Diriwayatkan bahwa seorang laki-laki datang menghadap Rasulullah saw. dan dia melihat kawanan kambing yang sangat besar berada di sebuah lembah di antara dua gunung. Dia berkata kepada beliau saw, “Mohon berikanlah ini kepada saya.” Beliau saw. tanpa ragu-ragu memberikan semua itu kepadanya. Orang tersebut membawa kawanan kambing itu kepada kaumnya dan berkata, “Wahai kaumku, berimanlah kepada Muhammad saw. Beliau memberikan begitu banyak sehingga tidak ada rasa takut sedikit pun terhadap kemiskinan dan kekurangan.” Para penulis sejarah nabi telah menulis bahwa peristiwa ini juga terjadi pada kesempatan yang sama. Ini adalah riwayat hadis. Selain itu masih ada peristiwa-peristiwa lain yang insyaallah akan disampaikan kemudian.

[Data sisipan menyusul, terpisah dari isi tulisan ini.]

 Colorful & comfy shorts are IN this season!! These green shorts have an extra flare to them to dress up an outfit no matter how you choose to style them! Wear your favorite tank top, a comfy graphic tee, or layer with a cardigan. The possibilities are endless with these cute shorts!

Pada kesempatan ini saya ingin menyebutkan beberapa orang almarhum yang juga akan saya salatkan jenazahnya setelah Jumat. Yang pertama adalah almarhum Mukarram Fahimuddin Nasir Sahib yang merupakan mubalig jemaat di Romania. Beberapa hari yang lalu beliau wafat pada usia lima puluh dua tahun, innā lillāhi wa-innā ilaihi rāji‘ūn. Dengan karunia Allah Taala beliau adalah musi. Ahmadiyah masuk dalam keluarga beliau terjadi melalui kakek buyutnya Hazrat Mirza Alam Din Sahib yang mendapat karunia baiat kepada Hazrat Masih Mau’ud
a.s. melalui surat. Pertama, seorang imam Masjid, Nur Muhammad Sahib dari desa Lodhi Nangal yang terletak dekat Qadian datang setelah melakukan baiat kepada Hazrat Masih Mau’ud a.s. Setelah kembali ke desa beliau mengumumkan bahwa Imam Mahdi telah datang dan adalah sosok yang benar, maka terimalah ia. Setelah itu di antara orang-orang yang melakukan baiat melalui surat adalah Mirza Alam Din juga.

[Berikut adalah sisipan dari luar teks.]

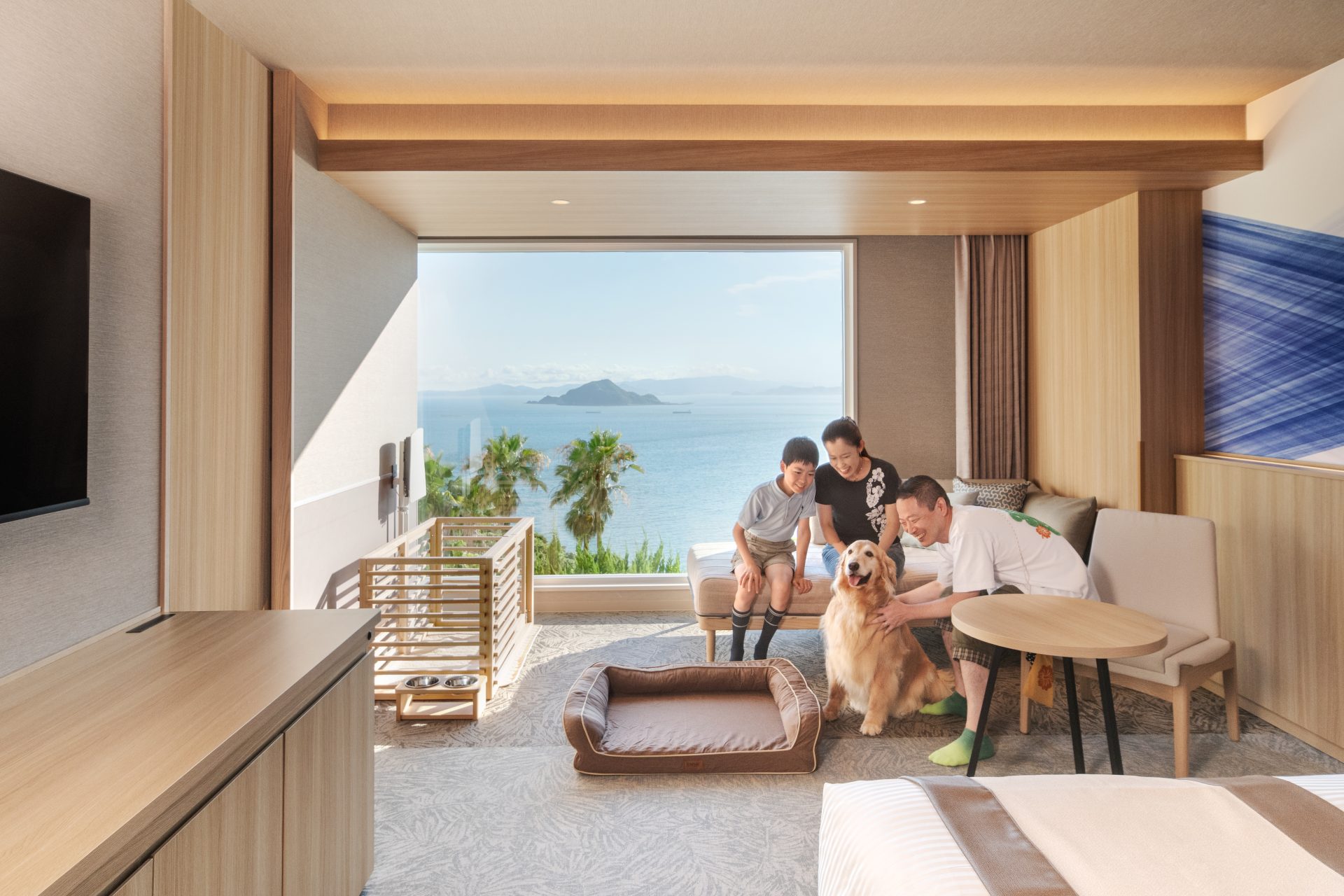 2025年7月に愛犬にも飼い主にも嬉しいこだわり仕様の『ドッグフレンドリールーム』が新登場! ワンちゃん用アメニティのほか、2026年7月24日までの宿泊で、ROOTOTEさんとコラボしたホテルオリジナル「お散歩バッグ」をプレゼント中♪ 473㎡の天然芝ドッグパークは大型犬から小型犬まで思いっきり遊べます。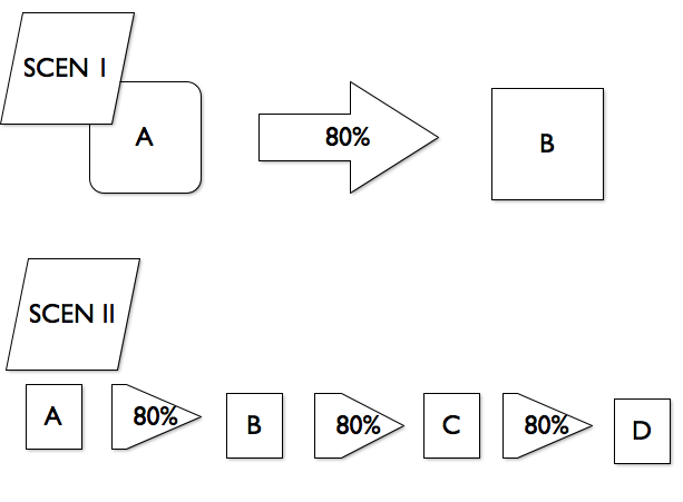 I addressed one aspect of this question in an earlier post, where I considered whether causal mechanisms can be complex and multi-staged. There I focused on the idea that most theories of causal mechanisms require that there be a reasonably strong regularity between input and output. This implies that a multi-step causal process will probably not qualify as a mechanism, because the intervening causal steps will imply a low association between initial condition and output condition. (See the post for more details.) And this in turn implies that a social mechanism needs to consist of one step: the instigating condition occurs and then the output condition occurs. The diagram illustrates the point. Scenario I represents a single-step causal mechanism; scenario II represents a three-step causal process composed of three component mechanisms. Scenario II does not qualify as a mechanism itself, because the compound probability of D given A is only 50%.

Fahim-ud-Din Nasir Sahib lulus dari Jamiah pada bulan Juni 1996 kemudian beliau ditugaskan di berbagai tempat di Pakistan dan kemudian beliau juga mengambil spesialisasi dalam Tafsir Quran.
Pada tahun 2006 beliau dikirim ke Romania dan sampai wafat beliau terus memperoleh taufik untuk berkhidmat di sana. Istri beliau Nasirah Fahim menulis: beliau adalah seorang suami yang istimewa. Beliau memahami perasaan saya tanpa saya mengatakannya; beliau adalah seorang ayah yang sangat perhatian.

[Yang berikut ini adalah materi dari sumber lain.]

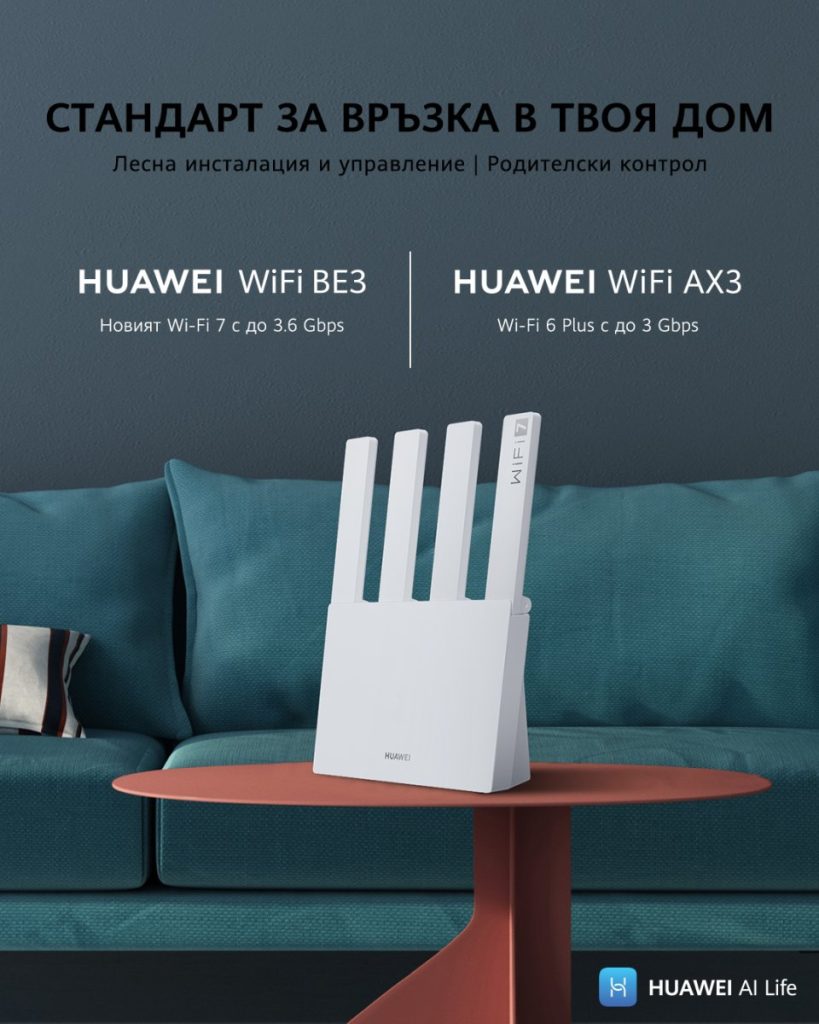 Рутерите HUAWEI са създадени с мисъл за потребителя и предлагат изключително лесна инсталация в три стъпки, изпълними от всеки, който използва смартфон. Устройствата HUAWEI AX1, AX2, AX3 и BE3 вече се предлагат в търговската мрежа на „Технополис“ с 24-месечна гаранция.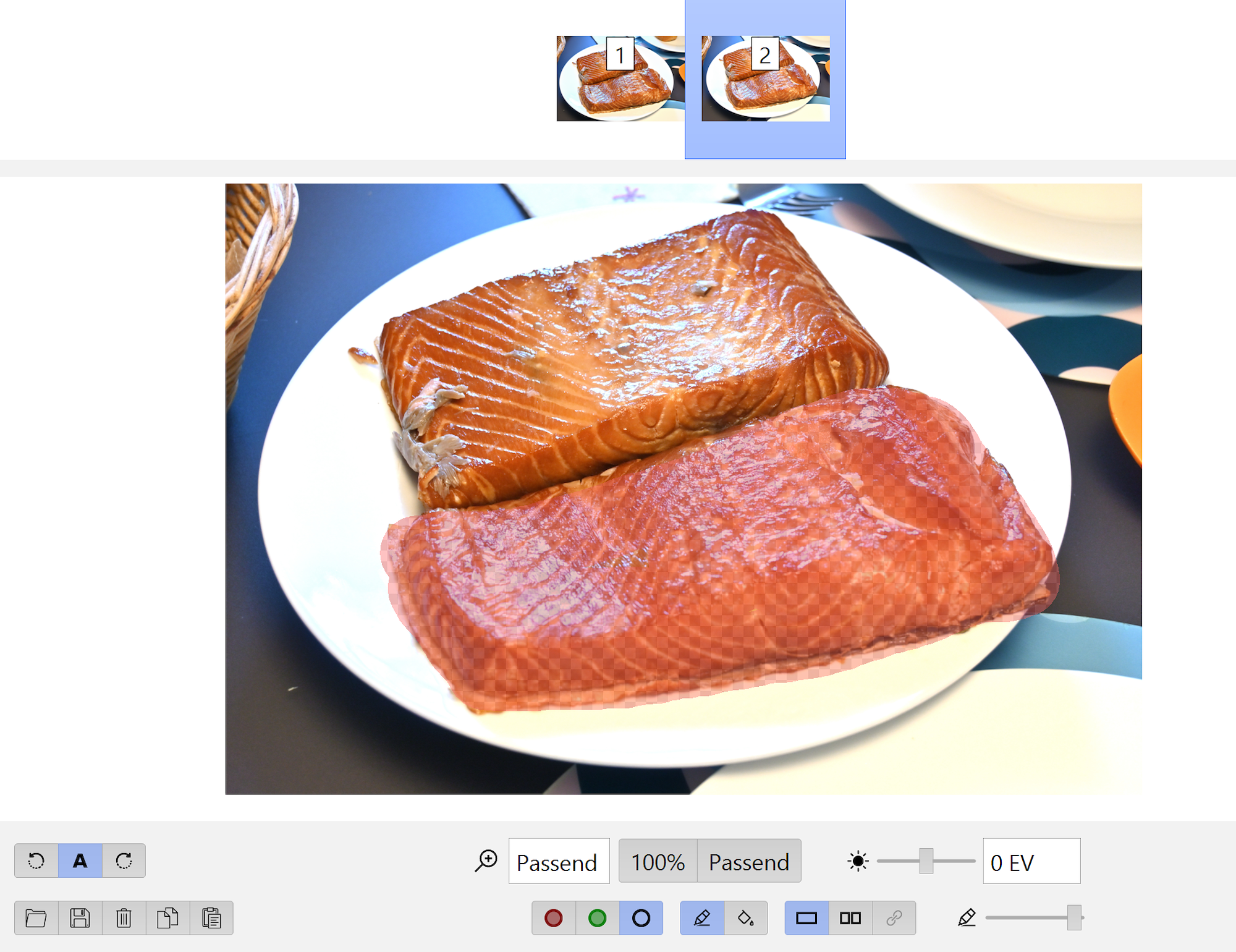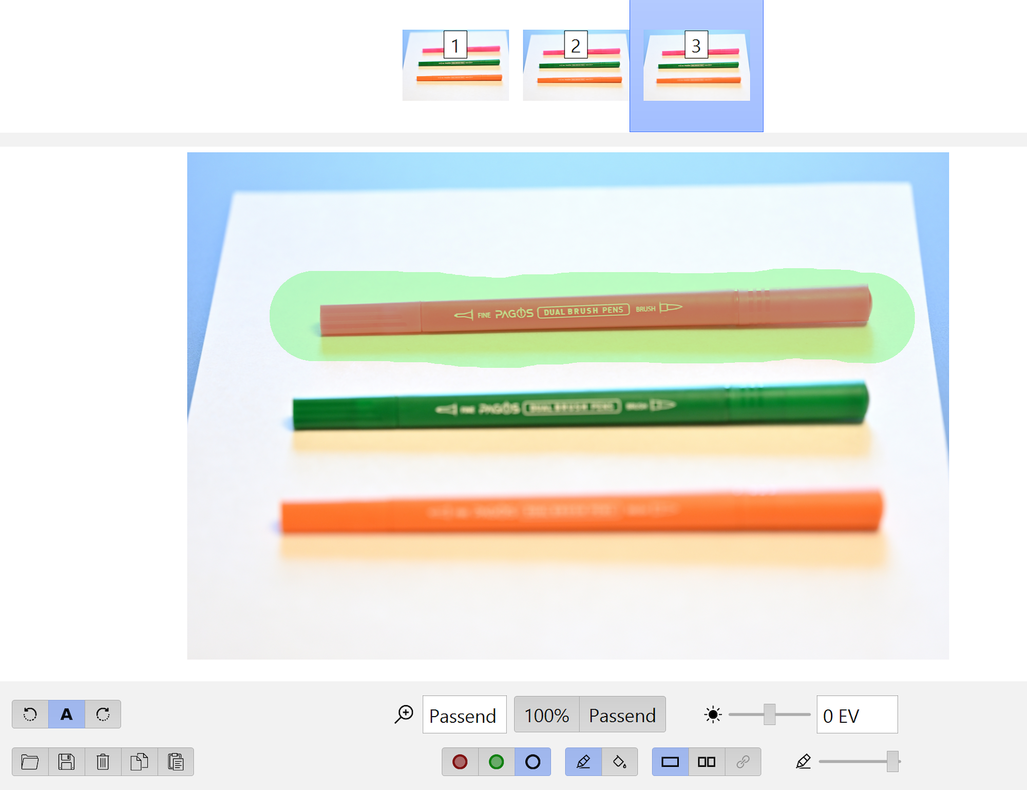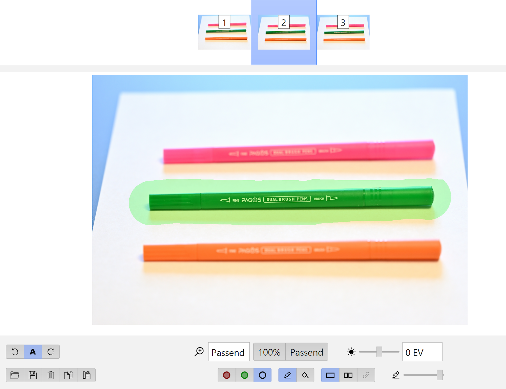 Rather than selecting the object in focus as in the previous example (using the green mask), you can deselect the object that is not in focus (using the red mask):

Hal-hal menonjol dalam kehidupan beliau meliputi: hubungan yang erat dengan Allah Taala, tawakkal, ibadah, doa, kesabaran, semangat, bijaksana, penuh kasih sayang, dan semangat berkhidmat untuk agama, kesadaran untuk menunaikan kewajiban-kewajibannya, dan menyelesaikan setiap pekerjaan tepat pada waktunya. Beliau memiliki kecintaan dan keikhlasan yang mendalam dengan Khilafat. Sebelum setiap pekerjaan pribadi dan Jemaat beliau menulis kepada Khalifatul Masih untuk meminta bimbingan, dan beliau selalu mendidik anggota Jemaat serta anak-anaknya melalui teladan nyata. Cara beliau dalam menjelaskan sangatlah baik. Menunaikan salat tepat waktu, salat tahajud dan salat sunah adalah kebiasaan beliau. Bahkan dalam keadaan sakit yang parah pun perhatian beliau tetap tertuju pada menunaikan salat, dan di akhir hayat ketika penyakit beliau semakin parah; beliau terkena kanker. Saat berbicara pun sudah sulit, maka beliau memberi isyarat untuk membawa kertas dan menulis nasihat untuk beribadah dan berdoa di hadapan Allah Taala, bersujud di hadapan-Nya dalam setiap kesulitan dan kesusahan. Beliau menasihati istri dan anak-anaknya bahwa apapun yang terjadi, kalian jangan meninggalkan pintu Allah. Beliau selalu mengajarkan bahwa hanya kepada Allah kita harus meminta, jalinlah hubungan yang hidup dengan Allah Taala, bertemanlah hanya dengan-Nya, Dia tidak akan pernah meninggalkan kalian sendirian dalam kesulitan.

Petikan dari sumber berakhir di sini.